5. The use of the compound TU-BDN as described in claim 1 in the preparation of a medicament for the prevention or treatment of toxoplasmosis infection.

6. The use of the compound TU-BDN as described in claim 5 in the preparation of a medicament for the prevention or treatment of toxoplasmosis infection, characterized in that, The drugs mentioned for preventing or treating Toxoplasma gondii infection are drugs that inhibit the ability of Toxoplasma gondii to lyse cells.

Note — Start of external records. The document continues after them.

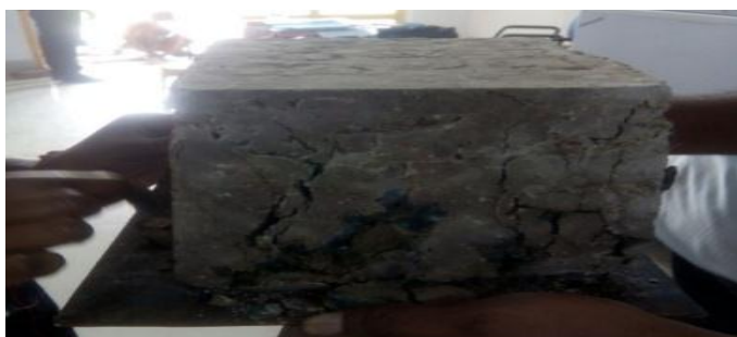
Fig -4: Cube after test
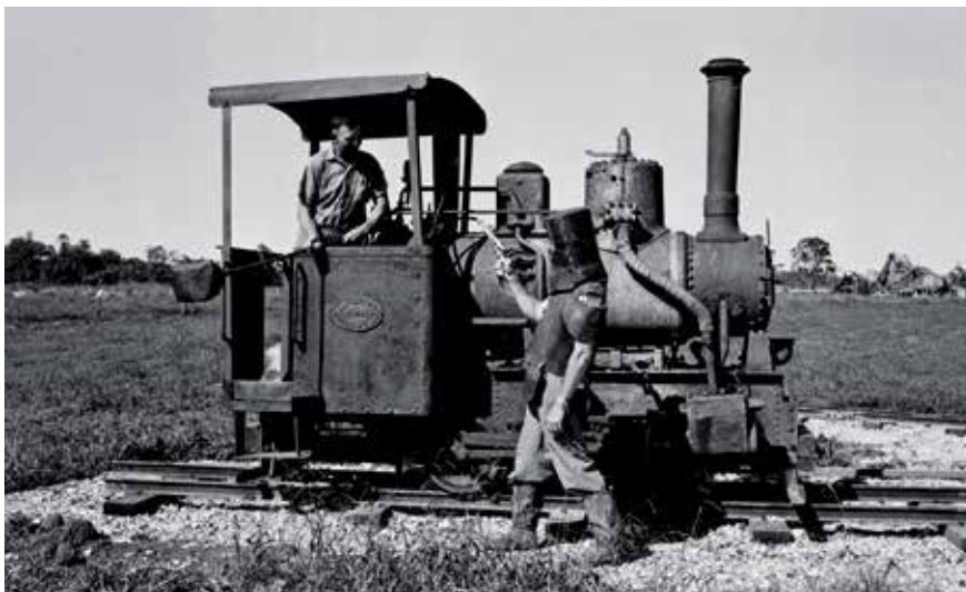
Ned Kelly bushranger style re-enactment with Fowler 0-4-0WT (16249 of 1925) at Pleasure Island amusement park, Carrara, Queensland, circa 1960.
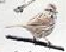
Song Sparrow Melospiza melodia
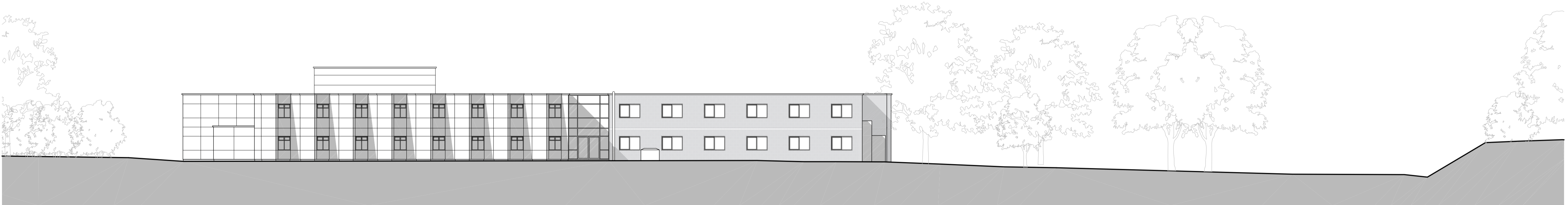
C. South West (Rear) Elevation
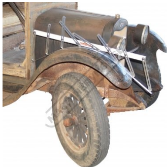
Shown On Truck Single Curve
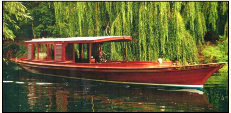
HUMBLE - 1902 - 52 FOOT - ENGLISH GENTLEMAN'S LAUNCH
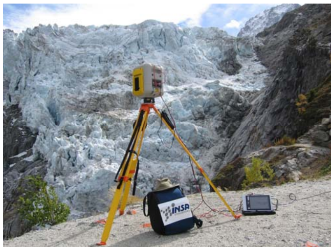
Figure 7. Laser Scanning of the glacier front
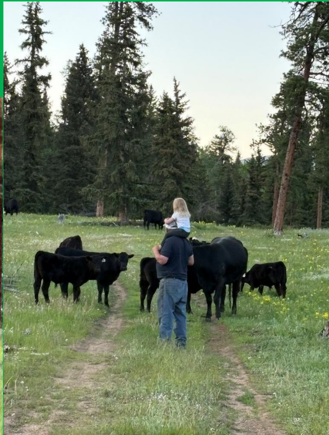
The next generation of calves and ranchers

Summer is my personal favorite season. The days are long and warm and the wildflowers are abundant. We have been so blessed to have amazing grass, water and the cattle are doing great!
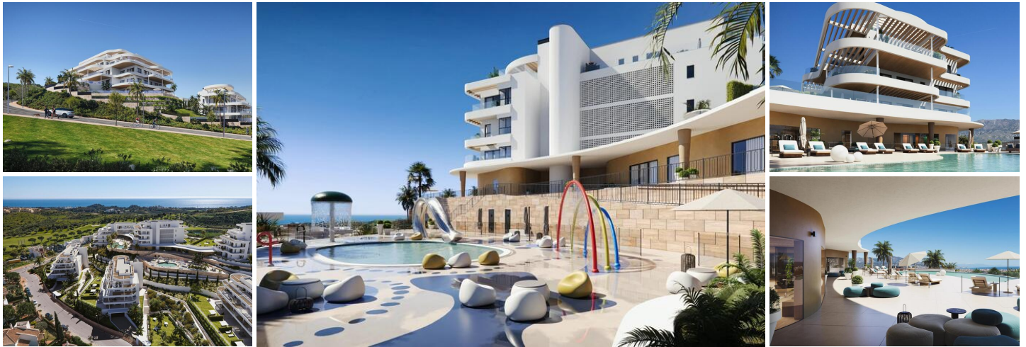
Luxury New Build Apartments in Cerrado del Águila Golf, Mijas with Sea and Golf Views

Experience an exclusive lifestyle in this modern new build resort located in the prestigious Cerrado del Águila Golf area of Mijas. Surrounded by nature and boasting panoramic 360° views of the Mediterranean Sea, mountain view and the golf course, this development offers the perfect combination of elegance, comfort, and convenience on the Costa del Sol.
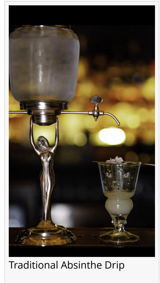
Traditional Absinthe Drip
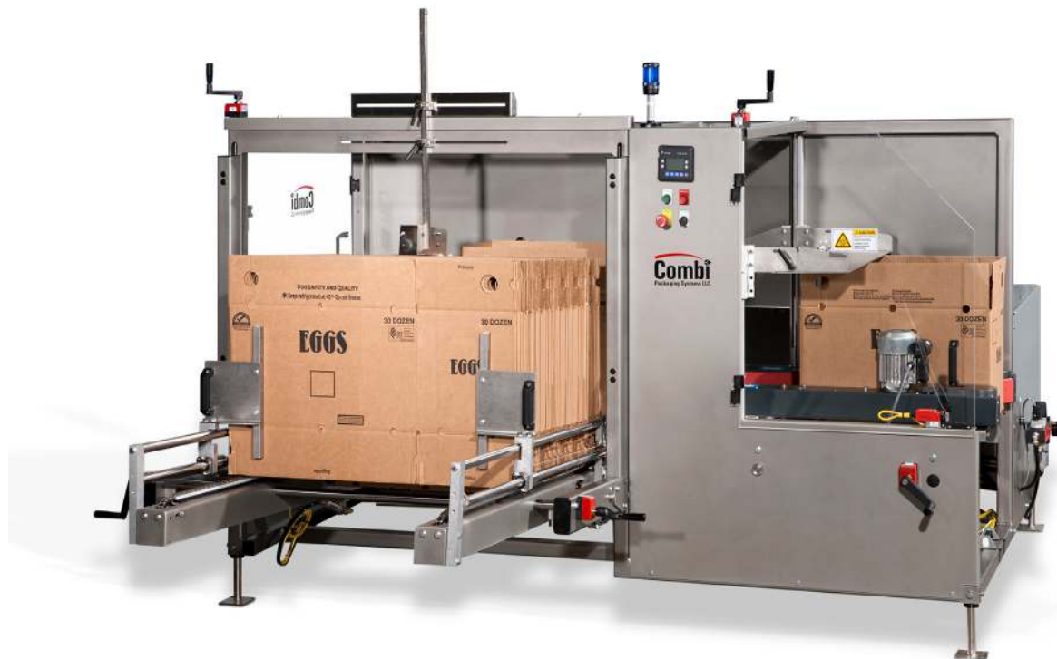
2-EZ ® XL for Large Cases
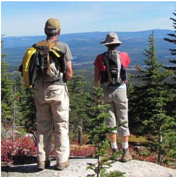
Okanagan Highlands Trail east of Little White Mtn.
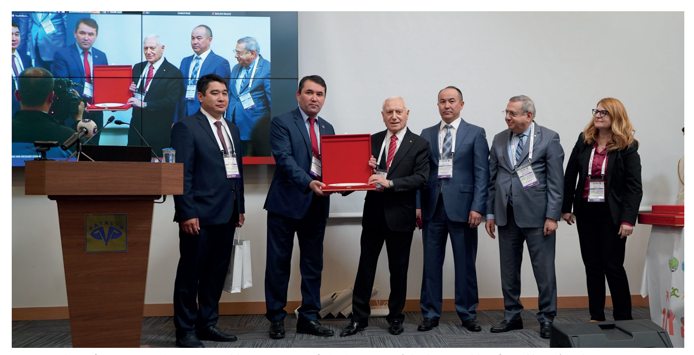
Memorandum of Cooperation between Health Department of Aktobe Region (Aktobe, Republic of Kazakhstan) and Başkent University (Ankara, Republic of Turkey)

7. The use of the compound TU-BDN as described in claim 5 in the preparation of a medicament for the prevention or treatment of toxoplasmosis infection, characterized in that, The drugs mentioned for preventing or treating toxoplasmosis infection are drugs that inhibit the invasion and proliferation of Toxoplasma gondii.

8. The use of the compound TU-BDN as described in claim 5 in the preparation of a medicament for the prevention or treatment of toxoplasmosis infection, characterized in that, The TU-BDN at 3.231 μM showed a 50% inhibitory effect on Toxoplasma gondii.

9. A composition for the prevention or treatment of toxoplasmosis infection, characterized in that, The active ingredient of the composition includes the compound TU-BDN as described in claim 1.

10. The composition for preventing or treating toxoplasmosis infection as described in claim 9, characterized in that, The composition further includes one or more pharmaceutically acceptable carriers, said carriers comprising one or more of the following: diluents, wetting agents, binders, disintegrants, lubricants, flavor and color modifiers, solvents, solubilizers, cosolvents, emulsifiers, antioxidants, metal complexing agents, preservatives, pH adjusters, surfactants, excipients, fillers, and synergists.